The court accepted the appellant’s position that it simply never sold the Mercedes Benz:

[13] If no deemed supply, I feel it is necessary to determine whether there has been a supply, defined in the Act as:

“supply” means, subject to sections 133 and 134, the provision of property or a service in any manner, including sale, transfer, barter, exchange, licence, rental, lease, gift or disposition;

While the definition is broadly worded, I have no difficulty in finding there has been no sale, transfer, barter, exchange, licence, rental, lease, gift or disposition. The London Car Club simply did not sell or dispose of “the Mercedes Benz”. I find as a fact that Mr. Harris never took possession of “the Mercedes Benz”: it was just not the property he wanted. Under these circumstances, I find there was a non-event: nothing was provided.

[14] Had I found there was a deemed supply would tax be payable pursuant to section 168(1) of the Act at the time Mr. Harris transferred $56,500 to the London Car Club? Tax would only be payable if that amount is consideration for the supply.

[15] This is a unique situation where there is a longstanding relationship between the supplier and the recipient. Part of that relationship was the lending of money by Mr. Harris to the London Car Club, run by his friend, Mr. El-Hindi. The London Car Club had a loan account established for Mr. Harris. On receipt of the $56,500 that money was accounted for through the loan account. The funds were never used for “the Mercedes Benz”. Indeed, the funds from the loan account went to the purchase of three different vehicles.

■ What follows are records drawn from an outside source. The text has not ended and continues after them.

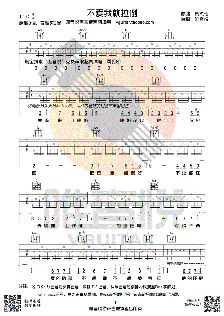 曲谱介绍: 不爱我就拉倒吉他谱,C调指法六线谱,变调夹夹二品。周杰伦的变化实在太快了,前两个月还在等你下课,现在不爱就拉倒了。曲谱为吉他弹唱谱完整版,三张图片谱例,感谢唯音悦出品,91吉他谱网站上传。 编配演奏说明:主歌和过门分解都可以改成扫弦,和副歌扫弦节奏型一样的就行。用了一些转位和弦,指法安排可以多用大拇指反扣这一个技巧!Rap部分和结尾部分和弦结构与副歌还是有点不一样,琴友们稍微注意一下哈~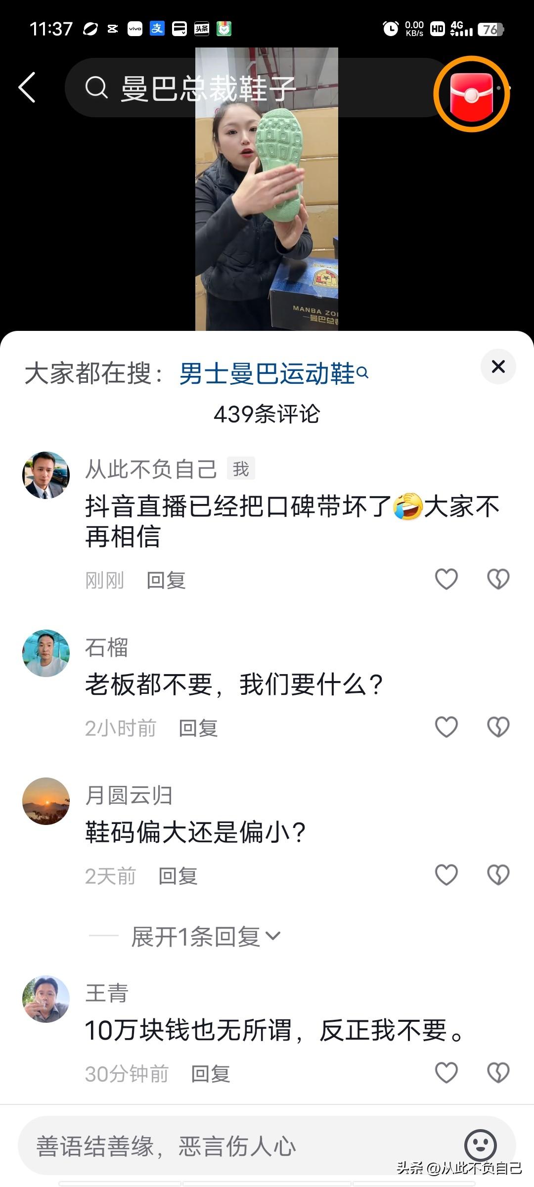 2888元的鞋48元都没人买!这是来自抖音直播带货的视频,主播在视频里唾沫横飞的介绍着手里的商品,说是老美不要的外贸鞋,原价2888元,现在只需要48就可以买到。 这么好的事听着就让人怦然心动,主播展示的商品看起来确实不错,但奇怪的是评论区全是一色的讽刺挖苦,反正很少有人下单! 现在的消费者都这么精明了吗?主要的经验教训接受太多了,大家害怕了!笔者也曾经买过多次直播的商品,看起来真的又便宜又好,但收到货后一看,没有一次让自己满意的!都是货不对板,以次充好! 现在,大家都明白了,一分钱一分货,便宜没好货,这是永远的真理!所以,越来越多人不再喜欢直播商品,太假了,平台的纵容让这样的卖货方式把口碑变坏了!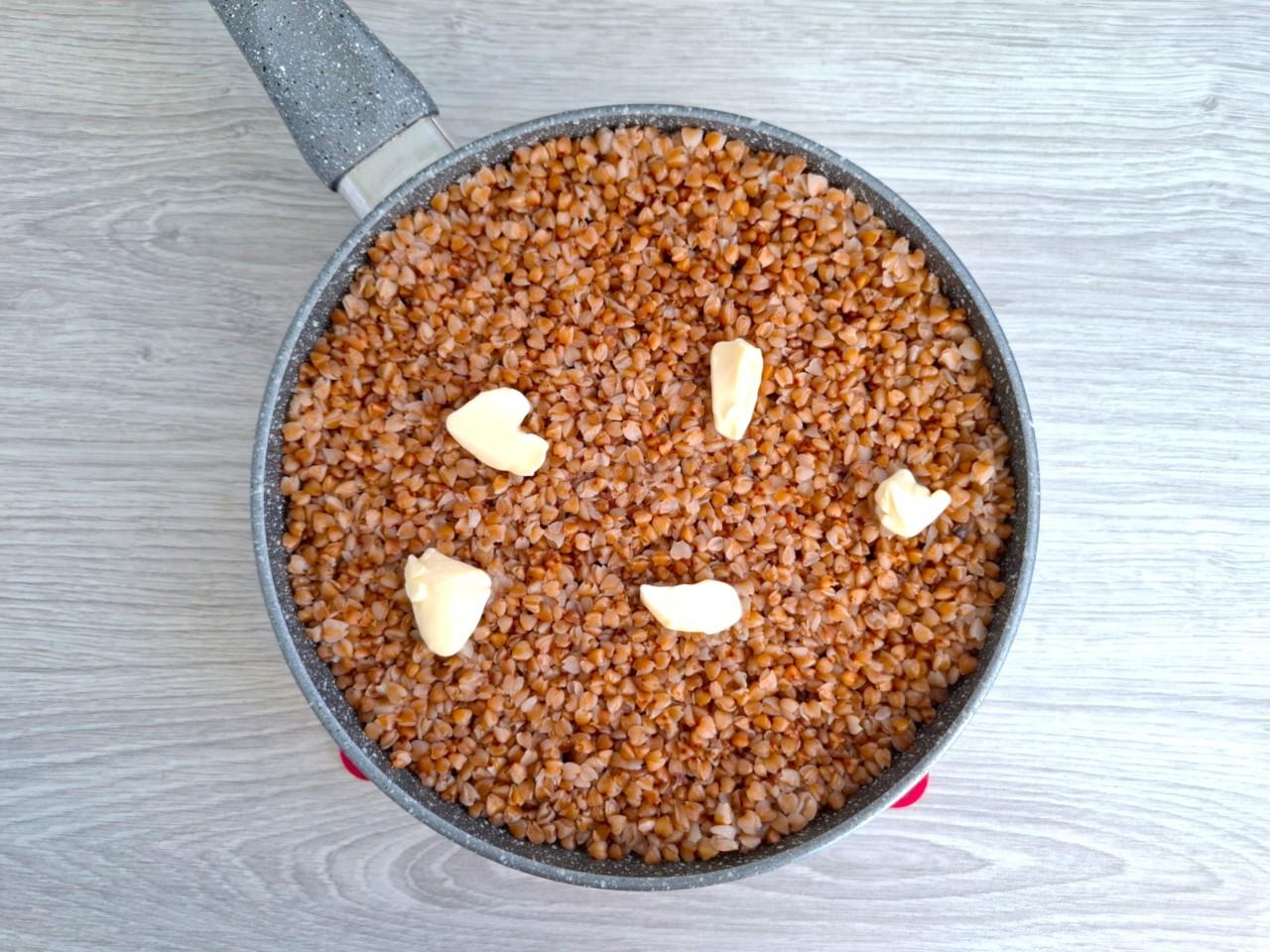 По поверхности готовой гречневой каши разложите оставшееся сливочное масло. Сковороду накройте крышкой и дайте настояться ей около 5-10 минут. Затем кашу перемешайте.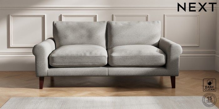 6.12.1 Buy Palermo Relaxed Sit 3 Seater Sofa Woven Chenille Easy Clean Light Grey Tapered - Dark Brown from the Laura Ashley online shop Click here to use our website with more accessibility support, for example screen readers

[16] There was some discussion at trial as to whether the $56,500 was a deposit or down payment. I conclude it was neither. There was no property against which the funds could be held as either a deposit or down payment. The most appropriate way, especially given the history of the relationship between the Parties, was to do exactly what the Parties did – treat it as a loan. It was not consideration for “the Mercedes Benz”. No consideration ever even came due for “the Mercedes Benz”.



[18] I find this provision is not applicable as there has not been a supply by way of sale. There is no agreement for the sale of “the Mercedes Benz”, no Bill of Sale, no invoice, no transfer of ownership by registration, no acceptance of delivery, no consideration for “the Mercedes Benz”. Section 168(3) of the Act does not come into play.

[19] While I understand why representatives of the Canada Revenue Agency would consider applying section 133 and section 168 of the Act to find this purported transaction attracts GST, with respect, I find it is an overly technical, let’s sweep everything into the net approach, that leaves a taxpayer, such as the London Car Club, shaking its head, crying plaintively – but I never sold the car. The GST is premised on there being a supply of goods or services. Put simply, I find that in these unique circumstances there has not been a supply, deemed or otherwise.

[20] I allow the Appeal and refer the matter back to the Minister for reconsideration and reassessment on the basis there is no tax liability in respect of “the Mercedes Benz”.

Comment: The court appears to have resolved this somewhat odd case in a straightforward and practical fashion.